Boss Peter Fankhauser cheered a "good start" to the financial year as group revenues rose 7% to £1.7bn (€1.93bn) in the first quarter to December 31.
The tour operator's seasonal loss narrowed by £10m (€11.3m) to £42m (€47.6m) in the quarter after its airline was boosted by the collapse of rivals such as Monarch in the UK and Air Berlin in Germany.
Total UK bookings are flat for the winter season and 3% higher for the summer season so far despite hotel price hikes for two of its biggest markets - the Canaries and Spain.
Mr Fankhauser said the group had "got off to a good start" overall, but warned over a difficult market.
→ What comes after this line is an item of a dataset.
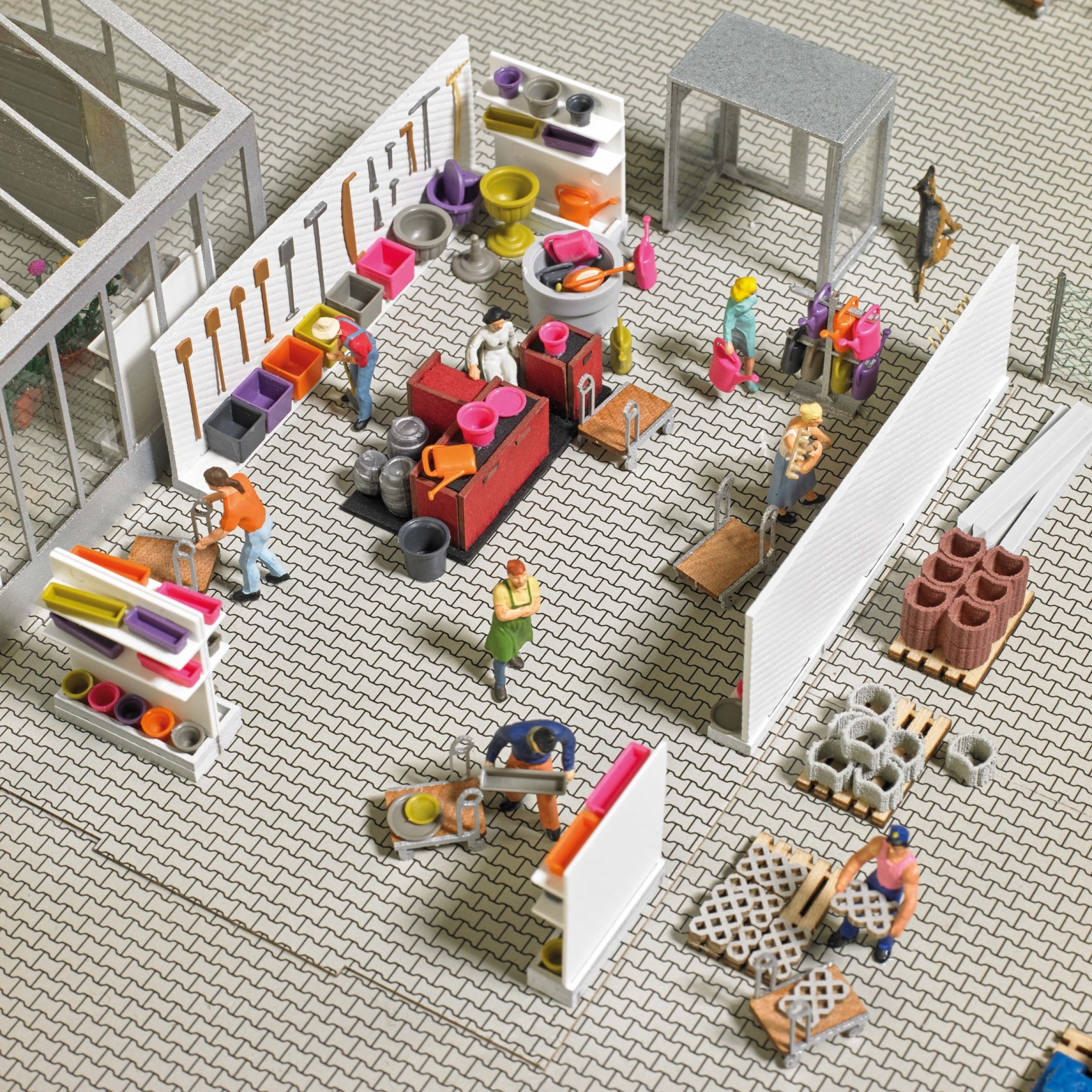 Gartencenter Einrichtung, u.a. Warenträger, Einkaufswagen, Paletten, Blumentöpfe- und Kästen, Untersetzer, Pflanzkübel, Gießkannen, Gartenwerkzeug, Säcke für Blumenerde und Rindermulch, Rasengittersteine, Bodenplatten usw.
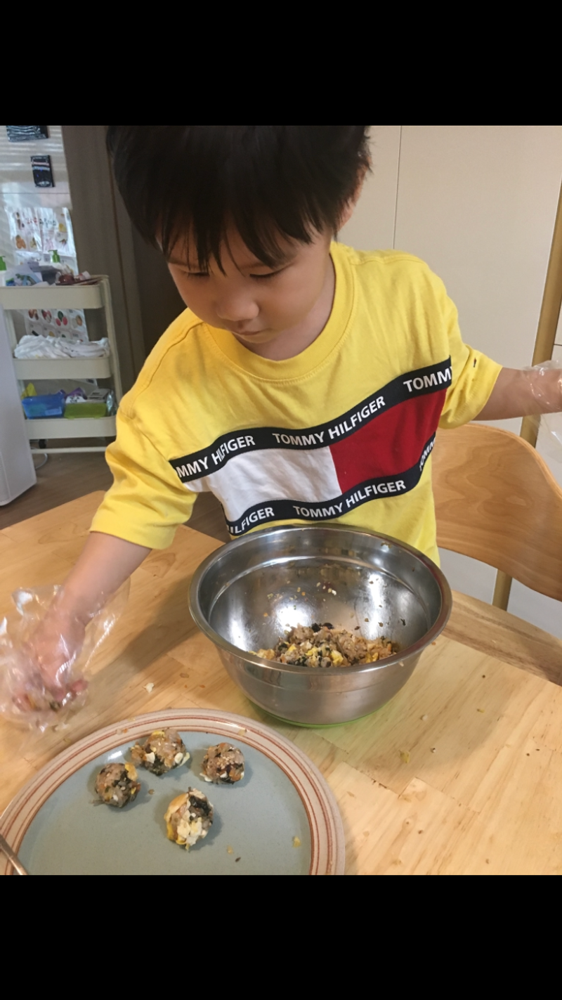 엄마와 같이 주먹밥을 만들었어요. 내가 직접 만들고 만들면서 먹는 주먹밥은 정말 꿀맛 이에요. 예쁘게 동글동글 한입에 쏘옥 주먹밥 같이 만드니 더 맛있어요.

He said: "From all that we see so far, customers' appetite for a summer holiday abroad shows no sign of slowing down."
He added that Thomas Cook remained on track for full-year forecasts despite a "highly competitive - and, at times, unpredictable - market".
Average selling prices are 6% higher for Thomas Cook's UK holidays across the winter and forthcoming summer seasons.
The group said it continued to see pressure on profits amid a price war in Spain.
It has sought to shift demand back to more profitable destinations Egypt and Turkey following woes in recent years due to terrorist attacks and political unrest.
Its airline arm saw a "particularly strong performance" in the first quarter, with an 8% rise in passengers to 3.5 million in the period, while it has seen a "double-digit rise" in summer 2018 bookings.
The figures come after Thomas Cook announced in December that it is to close 50 UK high street shops by March, putting 400 jobs at risk.
The closures will affect Thomas Cook and Co-operative Travel branded stores.
Neil Wilson, a senior market analyst at ETX Capital, said: "Demand is rising but Thomas Cook is facing significant margin pressure in holidays to Spain that is eating into profits."